# Puppies and leaving toys around



## Edmond Kan (Jul 17, 2008)

Hi hi, my first Malinois - 9 weeks now.

I want any opinions and experiences with leaving a puppy to play with their toys.

Does it take away any drive? etc etc. is there any harm in it? 

What I mean is, if I leave a bunch of toys (4-5) for her to play with in the home, she would happily crawl around on her bed and play for most of the day when I'm sitting next to her at the computer. Basically, she gets to do whatever she wants for 99% of the day - and she chooses to bite tug and rip stuffing out of toys all day.

I did this with my other dogs when they were young, (non-working breeds: mutts) and it keeps them entertained and at the same time not chewing up my tv or furniture. They also listen to me great when it comes to commands in/out of the house.
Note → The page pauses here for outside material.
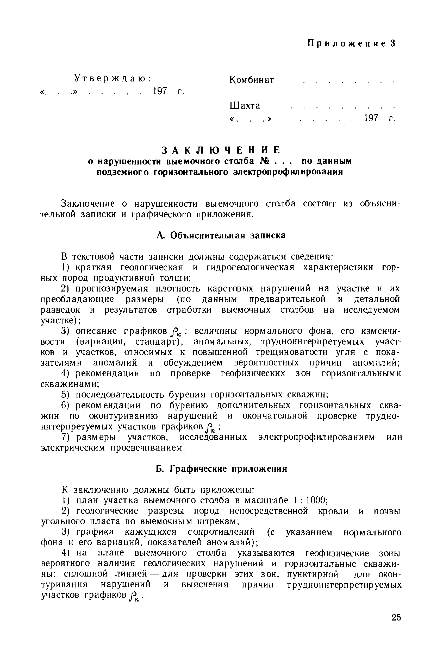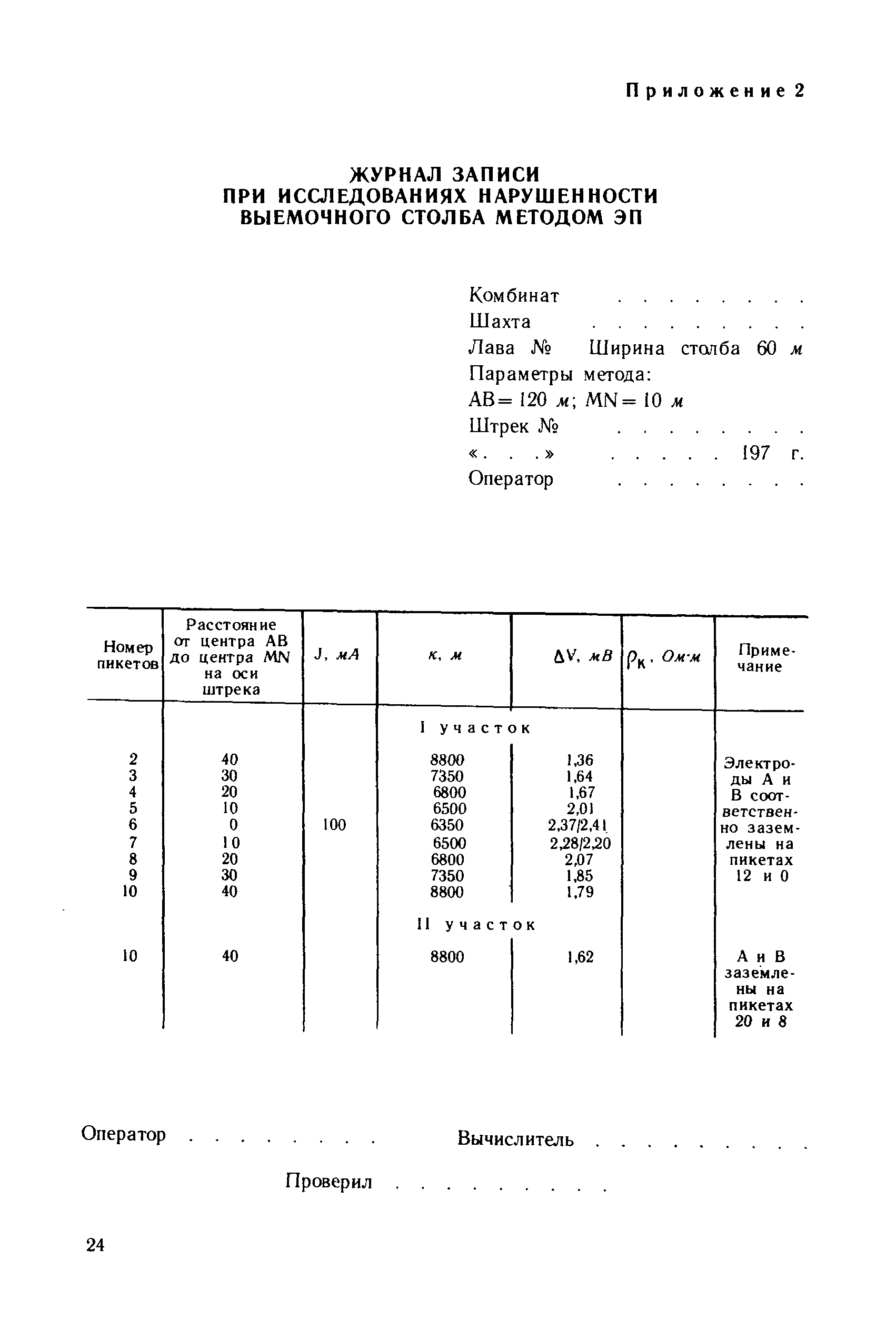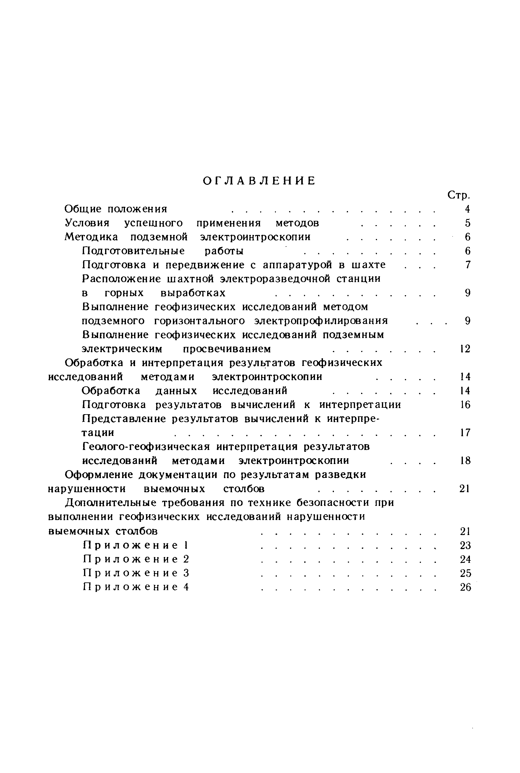 | Оглавление: | Общие положения Условия успешного применения методов Методика подземной электроинтроскопии Подготовительные работы Подготовка и передвижение с аппаратурой в шахте Расположение шахтной электроразведочной станции в горных выработках Выполнение геофизических исследований методом подземного горизонтального электропрофилирования Выполнение геофизических исследований подземным электрическим просвечиванием Обработка и интерпретация результатов геофизических исследований методами электроинтроскопии Обработка данных исследований Подготовка результатов вычислений к интерпретации Представление результатов вычислений к интерпретации Геолого-геофизическая интерпретация результатов исследований методами электроинтроскопии Оформление документации по результатам разведки нарушенности выемочных столбов Дополнительные требования по технике безопасности при выполнении геофизических исследований нарушенности выемочных столбов Приложение 1. Журнал записи при исследованиях нарушенности выемочного столба методом ПГЭП Приложение 2. Журнал записи при исследованиях нарушенности выемочного столба методом ЭП Приложение 3. Заключение о нарушенности выемочного столба по данным подземного горизонтального электропрофилирования Приложение 4. Акт о нарушенности выемочного столба |

Some toys are rotated every day or two to keep it 'interesting' for the dog and occasionally i'll throw one across the room to make it 'super-exciting' 

I do however, keep one or two toys as special toys for tug games and fetch games - these aren't left with her.

So the question: is it good/bad/doesn't matter to leave toys around? And what do other people do? Does it affect their 'working ability/drive'?

Thanks in advance.


----------



## Maren Bell Jones (Jun 7, 2006)

I would suspect if you have to worry if a Malinois of all things has enough working drive that playing with some chew toys (which she'll need anyways when she starts teething in about 2 months) will hurt her, she probably doesn't have it in the first place. ;-) JMHO.


----------



## Michele McAtee (Apr 10, 2006)

I think, like you said, if you keep her FAvorite toys back for training purposes, it's fine to leave the others out for her for free time. I do pick toys up though, so they are not the first thing pup sees when coming out for the day. If they see you are the one to get the toys out, then that is one more feather in your cap as the "ooooh, he's the one who provides me with fun" JMO.


----------



## Edmond Kan (Jul 17, 2008)

yup that's a neat one.

 thanks


----------



## Michelle Reusser (Mar 29, 2008)

My pups 6 montsh now and I still keep at least 3 toys in her kennel for her to entertain herself. So far it hasn't hurt her drives. I'm just amazed she is so content to entertain herslef, didn't work for my male.


----------